DEVA Partisi Genel Başkan Yardımcısı ve Mersin Milletvekili Mehmet Emin Ekmen, Terörsüz Türkiye sürecine ilişkin basına yansıyan “İçeriyi tahkim etmek” söylemlerini Alevi vatandaşları rahatsız edici bir yaklaşım olarak eleştirdi.
DEVA Partisi Genel Başkan Yardımcısı ve Mersin Milletvekili Mehmet Emin Ekmen “Türkiye’nin ihtiyacı olan şey; etnik-dini-mezhebi bir güç birliği değil, 85 milyon vatandaşını haklar ve yükümlülükler bakımından eşit gören kapsayıcı bir yaklaşımdır” dedi.
“ETNİK VE DİNİ KUTUPLAŞMA, TÜRKİYE’NİN BİRLİĞİNİ TEHDİT EDİYOR”
Terörsüz Türkiye ile ilgili basına yansıyan ‘İçeriyi tahkim etmek’ söylemlerini eleştiren Ekmen, “Son dönemde bazı çevreler, ‘İçeriyi tahkim etmek amacıyla’ başlatılan süreçle ilgili olarak, Şah İsmail ve Yavuz Selim arasındaki tarihi kıyaslamaları ve anlatıları gündeme taşımaktadır. Bu tür söylemler, Türkiye’nin ortak değerleri üzerinde derin yaralar açacak ve toplumun huzurunu zedeleyecektir. Tarihsel çatışmaları bugüne taşımak, etnik, dini ve mezhebi temelde bir kutuplaşma yaratmak sadece geçmişin acılarını yeniden canlandırmakla kalmaz, aynı zamanda toplumun barış içinde yaşama arzusuna da zarar verir. Türkiye’nin ihtiyacı olan; etnik, dini veya mezhebi bir güç birliğinden ziyade tüm vatandaşlarını eşit haklar ve yükümlülükler temelinde kuşatan bir anlayıştır. Toplumun farklı kesimlerinin hakları güvence altına alındığında, ülke daha güçlü ve dayanıklı olacaktır. Bu tür kıyasların Alevi toplumu açısından geçmişte yaşanmış travmaların yeniden hatırlatılması ve aidiyet duygusunun zedelenmesi riskini de taşıdığı unutulmamalıdır” vurgusu yaptı.

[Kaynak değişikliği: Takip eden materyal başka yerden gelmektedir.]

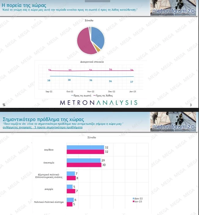 Η έρευνα περιλάμβανε ερωτήσεις για την πορεία της χώρας και για τα προβλήματα που απασχολούν τους Ελληνες.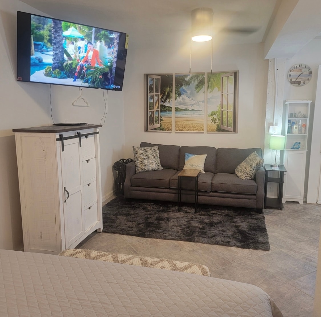 Discover the perfect blend of modern and tropical charm at our 1BR/1BA loft apartment in Downtown Fort Myers Beach. Just a 2-minute walk to the white sands, this upscale retreat is walking distance to the beach, Times Square, restaurants, bars, and shops. Enjoy water sports, kayaking, parks, and more. Ideal for couples, snowbirds, or anyone seeking a tropical escape, The Loft FMB combines modern comforts with island relaxation truly designed to feel like your home away from home.

“TÜRKİYE, TÜM VATANDAŞLARININ EŞİT HAKLARLA BİR ARADA YAŞAMASI GEREKEN BİR ÜLKEDİR”
Ekmen, “Alevi vatandaşlarımızın duygu dünyasını görmezden gelen ve tarihsel anlatılarla şekillendirilen söylemler, devletin sorumlu yönetimiyle bağdaşmamaktadır. Devletin, her bir vatandaşının kimliğine, inancına ve kültürüne saygı göstermesi gerektiği unutulmamalıdır. Bu tür söylemler, yalnızca Alevi vatandaşlarımızı değil, tüm toplumu kutuplaştırarak toplumsal barışı zedeler. Alevi vatandaşlarımızda, sürecin bir Sünni ittifakı ile sonuçlanacağı ve bunun siyasi sonuçlarının onlara zarar vereceği hissi yaratacak söylemler, sürecin başarısına ve toplumsal huzura büyük bir tehdit oluşturmaktadır” dedi.